Senin, 22 Juli 2019 | 03:45 WIB
Sektor Energi Kontributor Terbesar Kontrak Baru PT PP Tbk (PTPP)
[]
Reporter: Aloysius Brama, Sugeng Adji Soenarso | Editor: Yuwono Triatmodjo

KONTAN.CO.ID - JAKARTA. Hingga bulan ini, PT PP (Persero) Tbk mencatatkan kontrak baru senilai Rp 14,8 triliun.

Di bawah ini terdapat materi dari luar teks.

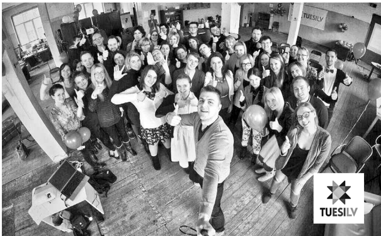
Projekta "TU.ESI.LV" uzsākšanas semināra dalībnieku kopīgā fotogrāfija Ģertrūdes ielas teātrī, Rīgā. Visi jūtas iedvesmoti no dzirdētajiem stāstiem.

Nav noslēpums, ka liela daļa jauniešu par savu dzīves vietu izvēlas lielās pilsētās. Tāpēc, lai mudinātu jauniešus dzīvot, strādāt un atpūsties Latvijas reģionos, tika izveidots un tikko uzsāks projekts "TU.ESI.LV".
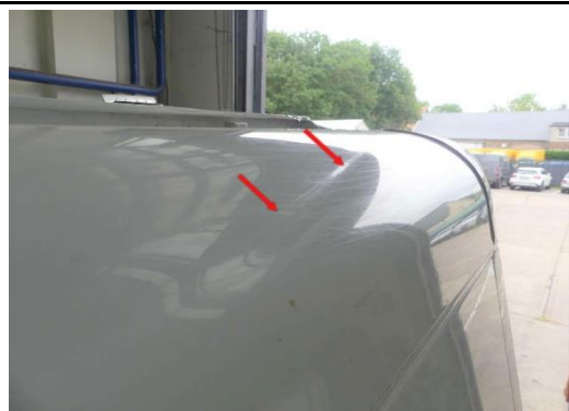
Dachholm hinten links verformt

Sektor energi menjadi penyumbang terbesar perolehan kontrak baru tersebut.

Menurut catatan internal PT PP, pekerjaan dari sektor energi mencuil porsi 39,7% atau sebesar Rp 5,88 triliun. Menyusul pekerjaan gedung bertingkat 23,6% atau sekitar Rp 3,49 triliun. Pada urutan ketiga adalah pekerjaan sektor infrastruktur 21,5% atau Rp 3,18 triliun. Sisanya meliputi pekerjaan bandar udara (bandara), jalur kereta api dan irigasi.

Dalam catatan KONTAN, PT PP juga mengantongi kontrak pembangunan Refinery Development Master Plan (RDMP) Kilang Balikpapan V Balikpapan Tahap II. Nilai kontrak tersebut mencapai Rp 3,38 triliun.

Sementara menurut data Kementerian Perencanaan Pembangunan Nasional Republik Indonesia/Badan Perencanaan Pembangunan Nasional (PPN/ Bappenas) per Juli 2019, PT PP mengantongi empat proyek energi dengan skema Pembiayaan Investasi Non Anggaran Pemerintah (PINA). Perusahaan pelat merah itu mendapatkannya melalui anak usaha bernama PT PP Energi.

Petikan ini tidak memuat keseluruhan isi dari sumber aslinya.